La symbolique cachée de la posture assise chez les femmes
                                Ce geste apparemment anodin que nous répétons machinalement chaque jour raconte en réalité une histoire complexe de codes sociaux et d'héritage culturel. Notre façon de nous installer sur une chaise révèle bien plus que nous ne l'imaginons sur notre rapport au monde et aux attentes genrées.
Un héritage culturel inscrit dans notre posture

Ce mouvement est devenu si naturel qu’on en a oublié son origine. Adopter cette position assise relève pourtant d’un apprentissage social profondément enraciné. Au XVIIIe siècle en Europe, cela représentait un signe distinctif de raffinement et d’éducation, une manière d’afficher son appartenance à la bonne société tout en manifestant une retenue certaine. Les guides de savoir-vivre de l’époque étaient formels : une digne représentante de son sexe se devait d’adopter une attitude réservée et mesurée.
La signification de cette posture varie cependant selon les latitudes. En Asie, particulièrement au Japon et en Corée, le fait d’entrecroiser les membres inférieurs en présence de personnes plus âgées ou dans des circonstances officielles peut être perçu comme un manque de considération. La position idéale y est caractérisée par une assise droite et équilibrée, les deux plantes de pieds reposant à plat sur le sol. Preuve qu’un geste apparemment banal peut revêtir des interprétations radicalement opposées selon les traditions locales !
Aujourd’hui encore, ces conventions historiques continuent d’imprégner nos comportements contemporains. Entre les modèles véhiculés par les médias, les règles non écrites et les pressions souvent imperceptibles, cette manière de s’installer demeure pour nombre d’entre nous un réflexe conditionné… quitte à sacrifier parfois notre aisance physique.
Le langage corporel : ce que notre assise révèle de nous

Au-delà des dimensions culturelles, cette position peut également trahir notre état psychologique du moment. Elle constitue un véritable idiome non verbal : celui de notre corporalité. Nous négligeons souvent à quel point notre attitude physique s’exprime avant même que nous ayons prononcé un seul mot.
Une cuisse reposant sur l’autre, orientée vers notre vis-à-vis ? Cela peut dénoter de l’attention, peut-être même une certaine affinité. Des jambes fermement entrelacées et ramenées vers soi ? Une manifestation de réserve, un besoin d’établir une frontière sécurisante. À l’opposé, une disposition dégagée, les deux pieds solidement posés au sol, peut communiquer une impression de sérénité, d’assurance paisible.
Et saviez-vous que ces attitudes ne sont pas uniformément réparties entre les genres ? Dès le plus jeune âge, les fillettes reçoivent des encouragements – souvent implicites – à « se tenir correctement », à « bien disposer leurs jambes », tandis que les petits garçons bénéficient d’une liberté posturale plus grande, pouvant même s’étaler sans complexe.

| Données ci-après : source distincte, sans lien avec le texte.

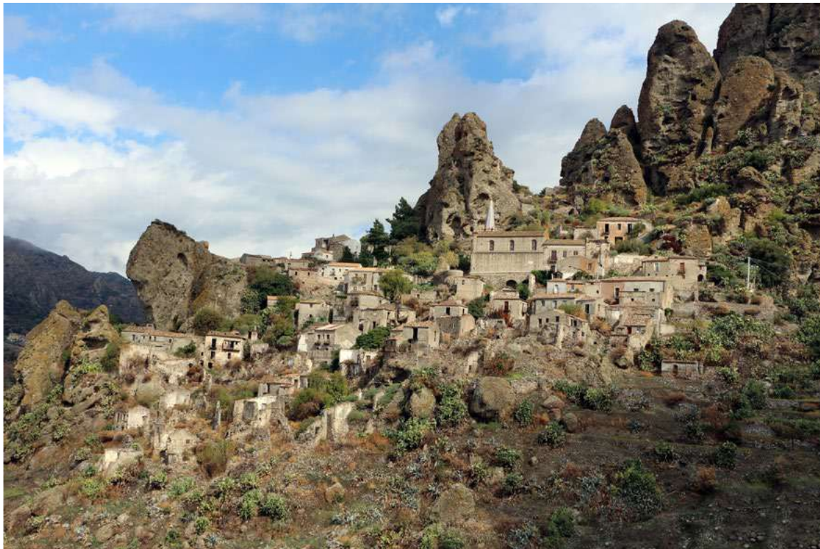
Figura 6. Pentadattilo (Reggio Calabria). Veduta.

Une distinction en apparence insignifiante, mais qui en révèle beaucoup sur les rôles sexués que la société nous assigne dès l’enfance.
L’importance de la posture dans l’environnement professionnel

Dans l’espace de travail, durant les réunions, ou même lors d’un recrutement, notre façon de nous asseoir peut affecter l’image que nous projetons. Les recherches en psychologie sociale l’ont abondamment confirmé. Une attitude corporelle tendue risque d’être interprétée comme un déficit de confiance en soi. À l’inverse, une disposition décontractée, stable et bien ancrée transmet un message sans équivoque : « Je suis légitime dans cette position. »
Pour les femmes, cela peut représenter un exercice d’équilibre délicat. Comment concilier confort personnel et projection d’une image compétente et professionnelle, sans céder aux clichés de « la femme trop directive » ou « insuffisamment féminine » ? Effectivement, même dans notre manière de nous asseoir, nous devons fréquemment naviguer entre expression authentique et conformité aux attentes.
Et si nous cessions d’évaluer… notre façon de nous asseoir ?
Au final, ce simple réflexe, si ordinaire et si discret, soulève une question autrement plus fondamentale : celle de l’autonomie corporelle. Pourquoi certaines attitudes restent-elles considérées comme plus « convenables » pour les femmes ? Pourquoi la délicatesse serait-elle valorisée au détriment du bien-être ? Et si nous commencions à questionner ces normes implicites ?
Après tout, prendre place, c’est aussi affirmer sa présence dans l’espace. Il est grand temps que chaque femme puisse le faire en toute liberté, sans justification, sans restriction, et sans craindre le jugement d’autrui.